### Task material
=== Section Start ===

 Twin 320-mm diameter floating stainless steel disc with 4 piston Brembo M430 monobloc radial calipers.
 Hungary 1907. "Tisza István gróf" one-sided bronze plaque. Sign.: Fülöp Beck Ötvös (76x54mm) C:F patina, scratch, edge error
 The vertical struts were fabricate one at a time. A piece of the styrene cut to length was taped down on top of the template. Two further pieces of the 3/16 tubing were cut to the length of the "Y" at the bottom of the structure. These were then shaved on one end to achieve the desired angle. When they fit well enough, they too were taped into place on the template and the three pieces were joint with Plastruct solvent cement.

=== Section End ===
=== Section Start ===

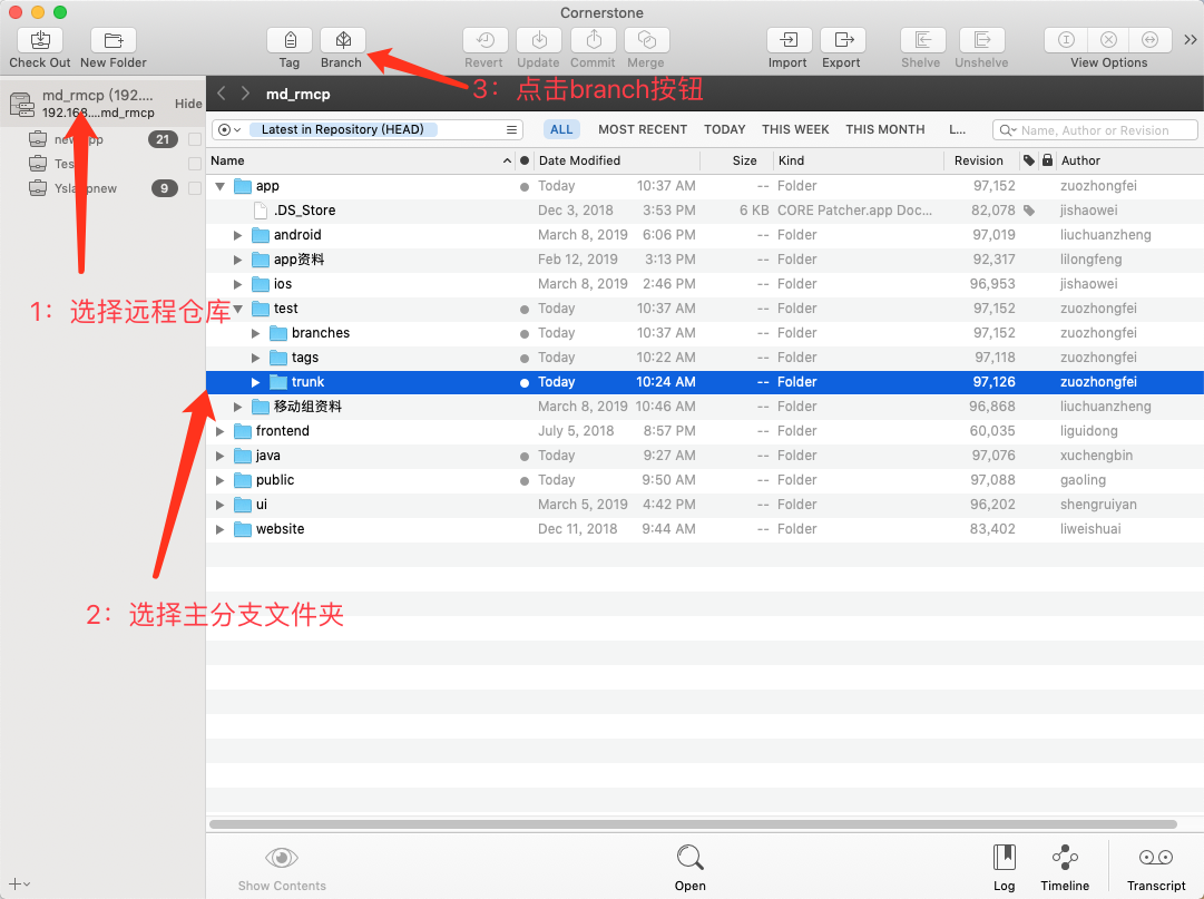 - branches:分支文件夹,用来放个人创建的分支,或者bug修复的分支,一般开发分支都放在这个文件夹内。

=== Section End ===
=== Section Start ===

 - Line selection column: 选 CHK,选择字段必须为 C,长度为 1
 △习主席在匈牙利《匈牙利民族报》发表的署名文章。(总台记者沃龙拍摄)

=== Section End ===

### What to produce
For this exercise, please output exactly the lines above starting at the line with "Twin 320-mm diameter" and ending at the line with "The vertical struts", ends included.

### Output for this task
 Twin 320-mm diameter floating stainless steel disc with 4 piston Brembo M430 monobloc radial calipers.
 Hungary 1907. "Tisza István gróf" one-sided bronze plaque. Sign.: Fülöp Beck Ötvös (76x54mm) C:F patina, scratch, edge error
 The vertical struts were fabricate one at a time. A piece of the styrene cut to length was taped down on top of the template. Two further pieces of the 3/16 tubing were cut to the length of the "Y" at the bottom of the structure. These were then shaved on one end to achieve the desired angle. When they fit well enough, they too were taped into place on the template and the three pieces were joint with Plastruct solvent cement.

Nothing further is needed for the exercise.